News
Former Pembroke Dock councillor Paul Dowson calls disciplinary panel ‘a joke’
FORMER County Councillor Paul Dowson received a three-year ban from public office at an Adjudication Panel for Wales hearing on Monday, August 22.
The Tribunal decided on the ban after finding against Mr Dowson on four allegations regarding breaches of the Code of Conduct for councillors.
BLM SPAT LED TO FALSE ALLEGATION
The first allegation followed an online spat between Paul Dowson and a then-fellow County Councillor, Joshua Beynon.
After a series of increasingly bitter exchanges between supporters of Cllr Beynon and Paul Dowson regarding Black Lives Matter and the protests by outside neo-Nazi groups at Penally Camp, Paul Dowson alleged that in 2015 Cllr Beynon, while still a student at Pembroke School, circulated a sexually explicit video of a girl aged under 17.
That allegation was false; the girl concerned was 18. Mr Dowson subsequently accepted he was wrong “by a year”.
He’d believed a rumour of child exploitation was true and repeated it without checking.
Aged 17, Joshua Beynon obtained images and messages from an 18-years-old fellow student’s Facebook profile and created a Facebook group to circulate them.
He deleted the group before being spoken to by police officers in April 2015 and received a two-day exclusion from school.
The Tribunal ruled that in 2020, the Respondent falsely and publicly accused Cllr Beynon of sharing a pornographic video of a girl under 17, “something which is factually untrue”.

The Tribunal decided that he brought his office and the Council into disrepute when he did so.

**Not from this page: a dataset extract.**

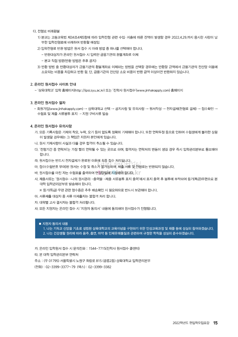 삼육대 편입 2022학년도 모집요강 간편하게 보자! 2021.12.15 22:04 편입 모집요강/2022학년도 모집요강 2022학년도 삼육대 편입 모집요강(2021.12.15 기준)을 간편하게 확인하세요. * 최종 모집요강 발표 이후에도 내용의 일부가 변경될 수 있으니 지원 전 반드시 삼육대 입학처의 모집요강을 확인 바랍니다. 2022학년도 삼육대 편입 모집요강 다운받기 <출처: 삼육대> 삼육대 후문 #신상맛집 #신상카페 #shorts 공유하기 게시글 관리 리치의 편입컨설팅 저작자표시 비영리 변경금지 (새창열림) '편입 모집요강 > 2022학년도 모집요강' 카테고리의 다른 글 전북대 편입 2022학년도 모집요강 간편하게 보자! (0) 2021.12.15 한양대(에리카)편입 2022학년도 모집요강 간편하게 보자! (0) 2021.12.15 고려대(세종) 편입 2022학년도 모집요강 간편하게 보자! (0) 2021.12.15 제주대 편입 2022학년도 모집요강 간편하게 보자! (0) 2021.12.14 동국대 편입 2022학년도 모집요강 간편하게 보자! (0) 2021.12.13 댓글 공유하기 다른 글 댓글 이 글 공유하기 구독하기 구독하기 카카오톡 카카오톡 라인 라인 트위터 트위터 Facebook Facebook 카카오스토리 카카오스토리 밴드 밴드 네이버 블로그 네이버 블로그 Pocket Pocket Evernote Evernote 다른 글 전북대 편입 2022학년도 모집요강 간편하게 보자! 전북대 편입 2022학년도 모집요강 간편하게 보자! 2021.12.15 한양대(에리카)편입 2022학년도 모집요강 간편하게 보자! 한양대(에리카)편입 2022학년도 모집요강 간편하게 보자! 2021.12.15 고려대(세종) 편입 2022학년도 모집요강 간편하게 보자! 고려대(세종) 편입 2022학년도 모집요강 간편하게 보자! 2021.12.15 제주대 편입 2022학년도 모집요강 간편하게 보자! 제주대 편입 2022학년도 모집요강 간편하게 보자! 2021.12.14 다른 글 더 둘러보기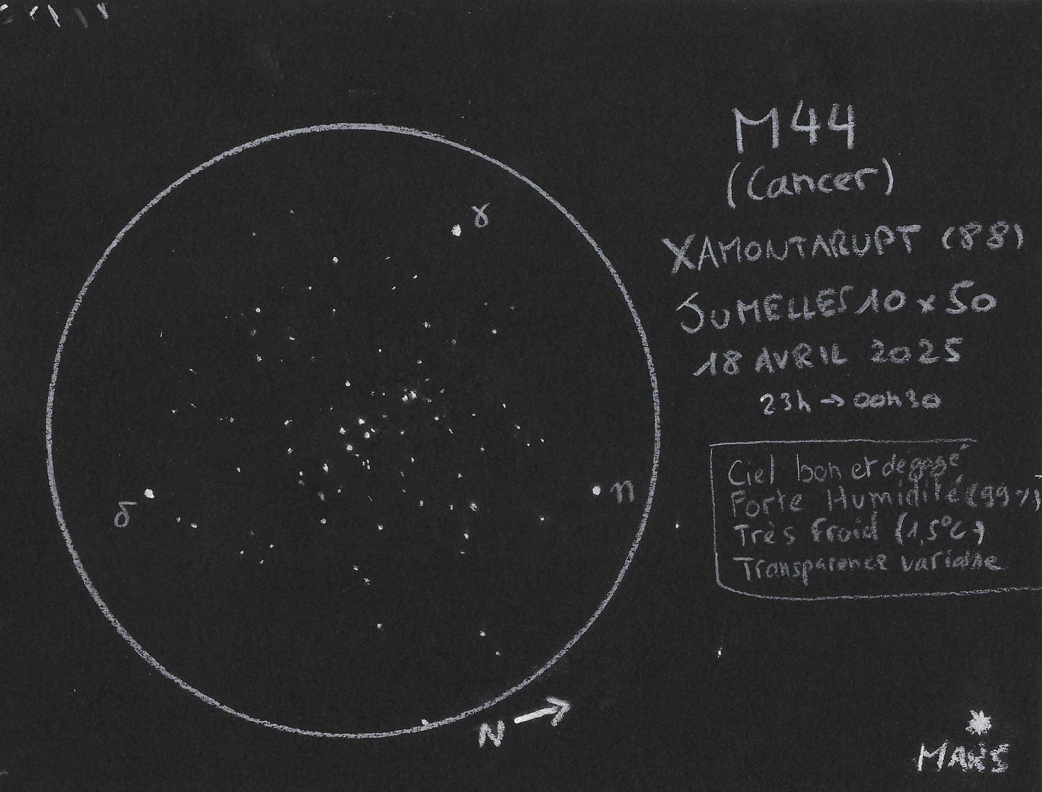 Bonjour, bonsoir Je vous partage mon tout premier astrodessin fait le 18 avril 2025 depuis les Vosges, dans une nuit presque glaciale. C'était aussi ma première sortie sous un bon ciel de ma nouvelle paire de jumelles Nikon Action EX 10x50, donc je vous offre aussi un petit CROA. Mais d'abord une petite présentation : je fais de l'astro depuis quelques années déjà (et je suis en train de faire mes études dans ce domaine, du côté de l'ingénierie optique) et je me focalisais surtout sur l'astrophotographie, à la petite lunette de 50mm et au newton de 200mm. L'observation a toujours été secondaire, ayant vécu jusqu'à il y a très peu de temps en région parisienne, où sa pratique est difficile.. J'ai pu quand même avoir de belles expériences d'observation avec mon 200 lors de voyages loin de Paris (Triangle Noir du Quercy, les Alpes, les NCN, etc..) et j'ai pu parfois finir par faire de l'observation quand le matériel astrophoto ne fonctionnait pas. Mais je n'ai jamais eu plus d'intérêt que ça. Cependant, ces derniers temps, faute de temps, parfois d'énergie, l'astrophoto est devenu difficile à pratiquer et j'ai eu envie d'aller vers une pratique un peu plus simple comme l'observation. Je me rend compte aussi que je garde plus de souvenirs et de bonnes impressions de nuits d'observation que de nuits de photo (sûrement parce que en observation on est actif, on voit des choses, on s'émerveille directement alors qu'en photo, on s'énerve à mettre en place et puis quand c'est lancé on part faire autre chose.. et l'émerveillement vient quand on a tout bien traité plus tard). J'ai donc investi dans une belle paire de jumelles, les Nikon Action EX 10x50, comme premier instrument 100% visuel, afin de facilement observer où je veux, quand je veux. Peut-être à l'avenir un dobson viendra compléter ma collection.. En attendant de beaux jours et les vacances, j'ai passé beaucoup de temps à lire des CROA, et à voir qu'on pouvait vraiment voir beaucoup de belles choses. Aussi j'ai fini par tombé sur des astrodessins, offrant un moyen de partager ses observations et garder une trace durable, comme l'astrophoto ! Aussi, cela donne une vue proche de ce qu'on peut observer ce qui est assez difficile à partager aux non initiés à l'observation. J'ai donc eu l'envie de m'y mettre et j'ai lu une bonne partie des 2 magnifiques livres "Astrodessin", que j'ai emprunté à un ami. Ce sont vraiment de superbes livres que je ne peux que recommander ! Très inspirant. Maintenant place au dessin ! J'étais pour Pâques en vacances chez ma parents dans les Vosges. J'ai pu observer depuis la terrasse de la maison, bien placée, assez isolée, loin de l'éclairage du village. Le temps était bon, mais il faisait froid et humide (5°C vers 22h et 1.5°C en fin d'observation vers 3h). La transparence du ciel était assez variable avec ce niveau d'humidité. Le ciel correspond à du bortle 4, les montagnes cachent les pollution lumineuses mais elles restent légèrement présentent. Je n'avais avec moi que mes jumelles et j'ai découvert vraiment l'observation avec celles-ci (je les avais testé rapidement deux fois, mais près de Paris, ce qui n'avait pas été très concluant, et avant cela je n'avais quasiment jamais observer le ciel dans des jumelles). J'avais avec moi un trépied, une chaise longue confortable et pour le dessin, ma copine m'a offert un carnet de feuille à dessin noir et un jeu de crayon et feutre blanc. Le dessin sera réalisé avec 2 crayons blancs. J'ai décidé de partir sur une cible simple, remplissant le champ des jumelles, l'amas ouvert M44. L'amas été facilement visible à l’œil nu en vision direct au milieu du Cancer bien visible plein Sud (constellation invisible depuis chez moi en région parisienne 🥲). Mars était proche et bien brillante avec sa jolie teinte orangée. Tellement proche que je l'ai mise sur le dessin hors du champ marqué avec le cercle blanc. Il m'aura fallu 1h30 (23h à 1h30) pour réaliser le dessin, debout, jumelles sur le trépieds et feuille de dessin au coin du bras tenu sur une planche. Je n'avais pas vraiment préparé le dessin, c'était donc très expérimental. Heureusement avec les 6.5° de champ des jumelles , l'amas était encadré par 3 étoiles brillantes de la constellation du Cancer, me permettant d'avoir des repères. J'ai commencé par placer les étoiles les plus brillantes, notamment le "carré" au centre de l'amas, puis zones par zones je plaçait les étoiles que je voyais, d'abord en vision direct, puis en vision indirect. Le plus difficile étant d'avoir les bonnes proportions, menant à des erreurs sur le dessin. Mais j'ai évité de trop effacé car cela marquait beaucoup le papier. Finalement j'ai réussi à placer presque tout ce que je voyais. Il semble que les étoiles que j'ai placé descendent jusqu'à la magnitude 9 - 9.2. A noter qu'aucune nébulosité n'était visible, je ne voyais que des étoiles. Le dessin a été scanné au scanner et j'ai fait quelques retouches sur Photoshop pour enlever les traces de gommages. Après avoir fini mon dessin, les jumelles commençait à avoir pas mal de buée. J'ai donc sorti le sèche-chevaux pour pouvoir les sécher et continuer la soirée. A l’œil nu, Jupiter se couchait vers l'Ouest, Mars était encore bien haute, proche de la grosse tache qu'est M44, toujours bien visible. Dans la Chevelure de Bérénice, Melotte 111 apparaissait comme une grande nébulosité en vision directe, mais dont on discerné la nature de regroupement d'étoiles en vision indirecte. Avec les jumelles, et aider de l'Atlas des Constellations, j'ai parcouru le ciel d'ouest en est. D'abord, sous M44, j'ai pu voir M67 comme une grosse tache sans définir les étoiles. Dans le Cocher, au dessus de Jupiter, dont j'ai pu voir 3 satellites, j'observe 3 taches bien alignées et régulièrement espacées. Ce sont M37, M36 et M38, qui se ressemblent pas mal au jumelles. Et M35 et vis

His subsequent repetition of the allegations amounted, the Panel ruled, to the bullying of Cllr Beynon.
MISTAKEN IDENTITY LED TO HARASSMENT
In the second instance, Paul Dowson falsely accused an individual, Marc Davies, of having a criminal record. He had confused him with another person of the same name.
Despite being informed by Mr Davies in September 2020 that he was referring to a different person, Paul Dowson repeated the falsehood through his social media channels.
In February 2021, he apologised to Marc Davies and accepted his allegations were untrue.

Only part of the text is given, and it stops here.